October 27, 2020
By Rahul Iyer
This loan type is usually offered to individuals who do not meet the criteria of prime-rate loans. Prime-rate loans refer to loans issued by companies that are offered to corporations who are considered to be credit-worthy. It is often the case that individuals who secure subprime loans have been rejected by traditional financial institutions because of their unsatisfactory credit ratings and other factors.
The rate that are ultimately offered on subprime loans are somewhat influenced by the interest rate offered on prime loans. The interest rates offered on prime loans are based on the Federal funds rate. This rate was established by the Federal Reserve Bank’s Federal Open Market Committee. Banks usually lend each other money based on this interest rate.
In an effort to combat the economic impact of the COVID-19 pandemic, the Federal Reserve reduced the target range for the Federal funds rate to 0% to 0.25%. Historically, the prime rate has been set to 300 basis points above the rate set by the Federal Reserve. This means that the prime rate is about 3.25% since the passing of the COVID-19 strategic financial measures.
Prime rate ultimately influences the interest rates that borrowers receive from banks. It is normally the case where corporations and other financial institutions benefit from rates that are similar are equivalent to the prime rate.
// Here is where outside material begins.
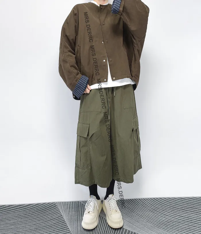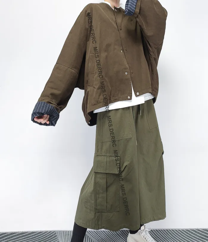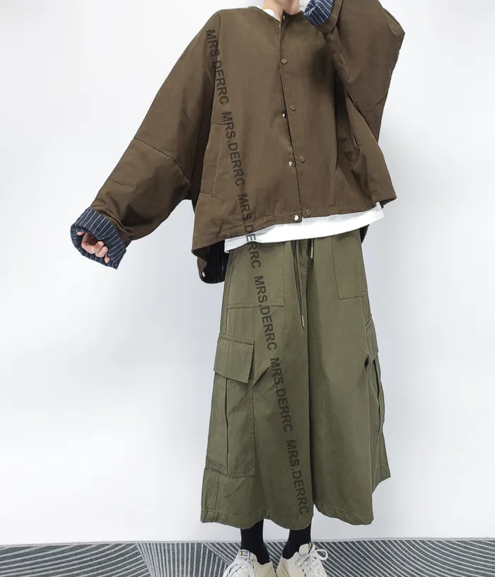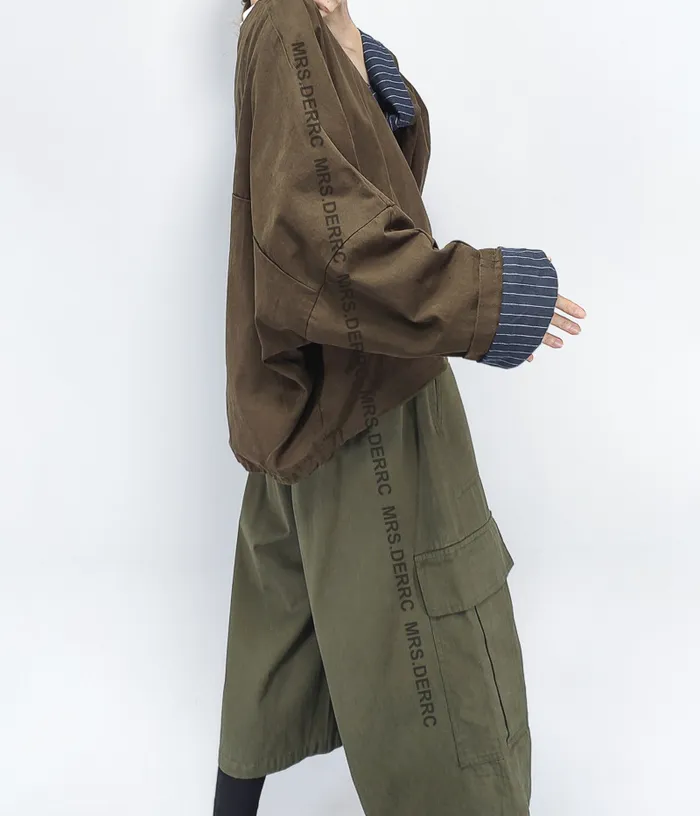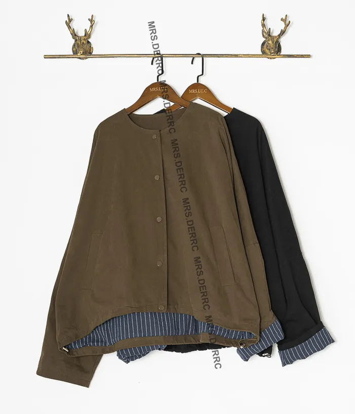 挺布棉條文內裡開釦口袋寬鬆外套(咖綠)

Other forms of loans such as mortgages, small business loans, and car loans are issued at higher rates than the prime rate; however, these rates are influenced by the prime rate. Loan applicants with unfavorable credit history and other undesirable factors receive rates that are much higher than the prime rate. This is where the phrase “subprime” comes from.
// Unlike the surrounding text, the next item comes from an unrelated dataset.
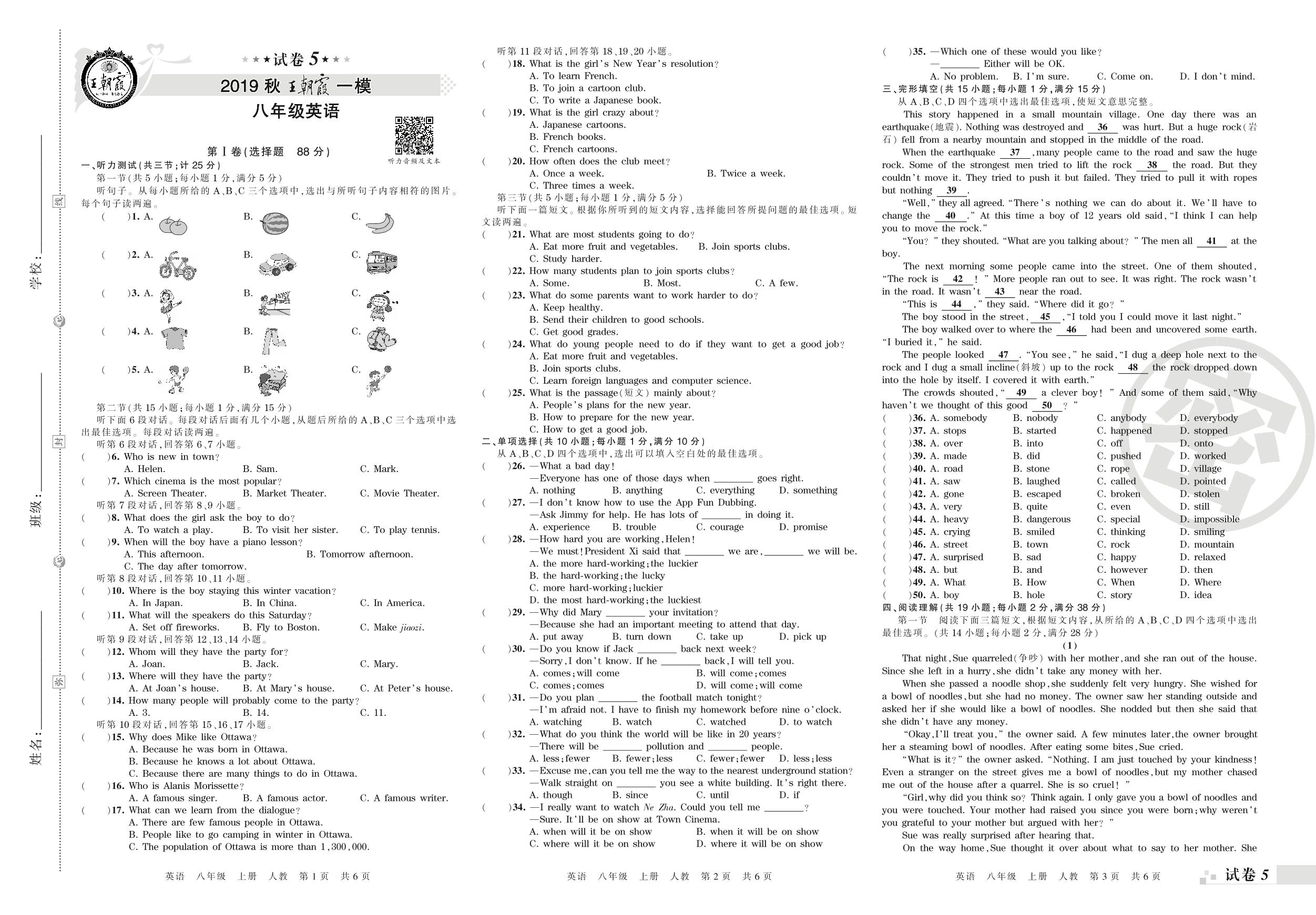 王朝霞期末模拟卷八年级上册英语(人教版)_R210809111736【5】

There isn’t a set rate for subprime loans. Different lenders have different criteria and judgment that they use to determine the interest rate that they will offer on a subprime loan. This means that an individual in search of a subprime loan should do some amount of shopping around to find the rate that is right for him or her.
Maintaining a positive credit report and great credit score is key to affordable borrowing; however, there are cases where bad financial decisions cause great damage to one’s credit history. When these things happen, you may end up being forced to negotiate a subprime loan. It is important that you do all that is necessary to avoid taking out large loans at subprime rate.
Large subprime loans can be difficult to repay for low-income borrowers. The risk of taking out a large subprime loan such as a mortgage as a low-income borrower is best captured by what took place in 2007. That year, a number of subprime loan borrowers who held mortgages started to default. Experts suggest that this was a major contributing factor to the financial crisis and the Great Recession of 2008.